Elizabeth and I have an interest in nuclear tourism. We are in the San Francisco Bay Area, and we made a trip to see the decommissioned Nike-Hercules missile site SF-88 located near the Golden Gate Bridge, which is run by the National Park Service as a museum.
Nuclear tourism is close to home for us, literally. We live within walking distance of the site of the first nuclear reactor. So far our travels have taken us to Site A and Plot M, land that was the old Argonne National Labs. It’s actually a beautiful hiking area, and we’ve been considering having a picnic with friends there. (How many people can say they’ve had a picnic on top of an actual nuclear waste dump?) Now in all seriousness, it is perfectly safe; I’ve taken a Geiger counter and dosimeters out there and detected nothing beyond the same background radiation one might find anywhere. Additionally, we’ve been to the National Museum of the US Air Force in Dayton, Ohio, which has Bockscar, the B-29 bomber that dropped the Nagasaki bomb, numerous atomic bomb casings (one of these days I need to post the picture of Elizabeth and me posing next to a Mark 41 thermonuclear bomb), and pretty much every ICBM the Air Force has deployed, along with a Minuteman launch capsule trainer.
So, Nike-Hercules, and its predecessor, Nike-Ajax…. This is an engineering wonder of 1950’s era technology. By the time it clears the launcher, it’s traveling at greater than Mach 1 thanks to advances in solid rocket motors. It is a purely defensive weapons system, designed to shoot down any Soviet strategic bombers that manage to slip past the fighters we’d scramble to intercept them. Nike-Hercules was armed with a small nuclear warhead, which increased the likelihood of taking out a bomber formation. It consists of an underground magazine that holds the missiles, an elevator system to bring them to the surface, and four launchers. There’s also an Integrated Fire Control area located farther away from the launchers consisting of vans with consoles, and various tracking radars.
Nike missiles also protected Chicago; there were some on the lake shore near the Point.

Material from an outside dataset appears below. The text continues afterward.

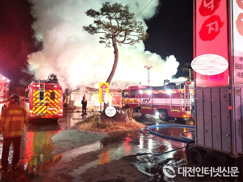 [대전인터넷신문=세종/최대열기자] 1일 오후 21시 08분경(최초 신고접수) 세종시 장군면 도계리 202-11 소재 낙지 전문점에서 원인 미상의 화재가 발생, 신고접수 2시간 27분여 만에 완전히 진압됐다.
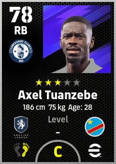. Axel Tuanzebe is a Right Back footballer from Congo Dr who plays for Burnley Rb in eFootball 2026.

So, the problem: Computers in the 1950’s weren’t that small or complex, and employed vacuum tubes. Neither a tracking radar nor the smarts to track and hit a target could be placed in the missile itself. Instead, land-based radars tracked the range, bearing, and azimuth of the enemy bombers as well as the missile launched at them. The missile is flying at more than Mach 2, and the targets are probably going to react and take evasive action. So a ground based computer had to determine steering commands to direct the missiles to the target, which get transmitted to the missile. More accurately, it had to project the path of the target, as well as the missile, into the future to determine where the two would intersect. The solution was to use an analog computer, not a digital one that ran a program. The radar would drive servos, which turned gears and potentiometers. These would continually move, reflecting the positions of the target and the missile. It could then output a time to intercept, and a microswitch would signal the missile to burst. This idea is actually pretty old school. As in, over 2000 years old. I find a lot of similarities between this type of computer and the Antikythera Mechanism, a geared device whose job seemed to be computing the position of the sun, the moon, the planets, and predicting eclipses.
I’ve attached some fun pictures of us with the missiles. And, OK, I couldn’t resist taking one with my finger near the firing switch. And, of course, no trip is complete without a pilgrimage to In-N-Out Burger. Elizabeth is shown in a state of reverence, contemplating the Double-Double animal style burgers and animal style fries we were about to consume.
Ultimately, the Nike missile system became obsolete. ICBM technology won out over strategic bombers, so the threat that Nike was designed to protect against vanished.